# Cement Contact with Copper Pipe



## Capt2 (Jul 29, 2006)

I have a water main coming through a poured concrete foundation. THe copper pipe main is encased in a black plastic sleeve. When it rains water comes in through this sleeve.

Can I fill the end of the sleeve with hydraulic water stop cement? I'm hearing conflicting info on whether the cement will hurt the copper pipe inside.
Feedback appreciated. Thanks


----------



## POOLMANinCT (Oct 7, 2006)

why do you have to use a cementious filler??


----------



## Ishmael (Mar 14, 2007)

Capt2 said:


> I have a water main coming through a poured concrete foundation. THe copper pipe main is encased in a black plastic sleeve. When it rains water comes in through this sleeve.
> 
> Can I fill the end of the sleeve with hydraulic water stop cement? I'm hearing conflicting info on whether the cement will hurt the copper pipe inside.
> Feedback appreciated. Thanks


*Why not use expanding spray-foam, or some kind of silicone sealant (like 3M 5200)?*


----------



## Capt2 (Jul 29, 2006)

I would be glad to use what works best. 
Have you used spray foam before to hold back water? 
Silicone was tried --not a complete success.


----------



## Teetorbilt (Feb 12, 2004)

5200 is a polyurethane sealant/adhesive and should stop all leakage. We primarily use it for sealing thru-hulls and other hull penetrations below the water line on boats. Got to get rid of all of the sillycone before it will work.

Look here http://www3.3m.com/catalog/us/en001...marine_3_0/command_AbcPageHandler/output_html


----------



## dnconstruction (Apr 5, 2007)

Did you try to see if the grade was correct around the slab. Also a major factor is downspouts from gutters sometimes they are way to close to the house, if thats the case get the down spout extenders. look into checking that out first to try to prevent the problem rather than fix it like that.

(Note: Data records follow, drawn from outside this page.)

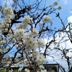 🍒2年前に 思い切って剪定した さくらんぼ🍒 昨年は寂しかったのですが、今年は復活しました\(^o^)/ 🌸開花の始まり🌸 ぷっくり花芽もたくさん🥰 すごい生命力…🌟🌟🌟 地中から根が広がっていって違うところから芽🌱が出てきてしまうのが少し悩みかな…🤔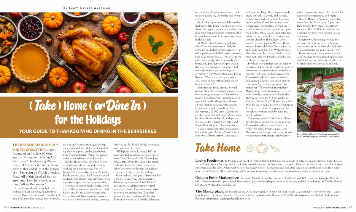 Whether you’ re looking to avoid the kitchen entirely or just need a helping hand with part of the feast, the Berkshire’ s food community has you covered. From Fallon’ s overnight rotisserie operation at Loeb’ s to elegant restaurant dining rooms, this Thanksgiving can be as stress-free or as hands-on as you choose to make it.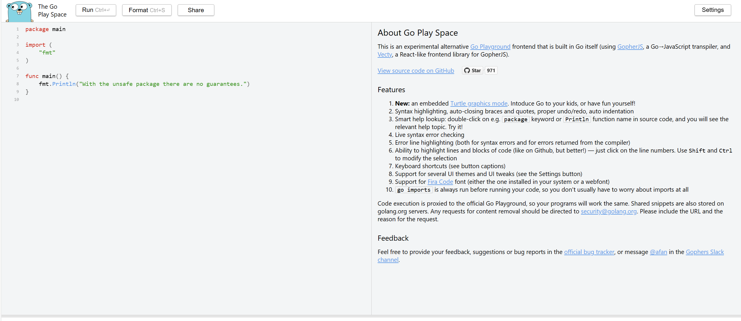 对于一些简单的单文件演示代码,go 提供了 playground 来在线运行 go 代码,不需要安装 go 环境,只需要一个浏览器即可。

Just thought I would help out.


----------



## Ron The Plumber (Oct 10, 2006)

Get some of that electrical shrink wrap, that will keep the water out.


----------



## Teetorbilt (Feb 12, 2004)

Ron, I assume that you are speaking of self-vulcanizing tape. How will that bond to concrete? It bonds to itself.


----------



## Ron The Plumber (Oct 10, 2006)

It was a thought, and only a thought, for I don't know what it there, a picture would be helpful.


----------



## Capt2 (Jul 29, 2006)

I used marine grade epoxy putty. I'll see the result next time it rains.


----------



## skyhook (Mar 17, 2007)

How about a foam backer, then cover it with silicone again.


----------



## Capt2 (Jul 29, 2006)

OK so we had heavy rain in NJ and I had used the marine epoxy putty before it started. Basically it held temporarily then started to leak. Just out of curiosity I applied this rubbery gutter sealant that can be applied when wet and bingo, it worked no more leak.

Now if I can just get the other little foundation leaks stopped. 
What is the trick to using hydraulic cement??? Can it be applied while the leak is active? I did this and the leak wiggled its way to the edge of the cement. 
Feedback appreciated.


----------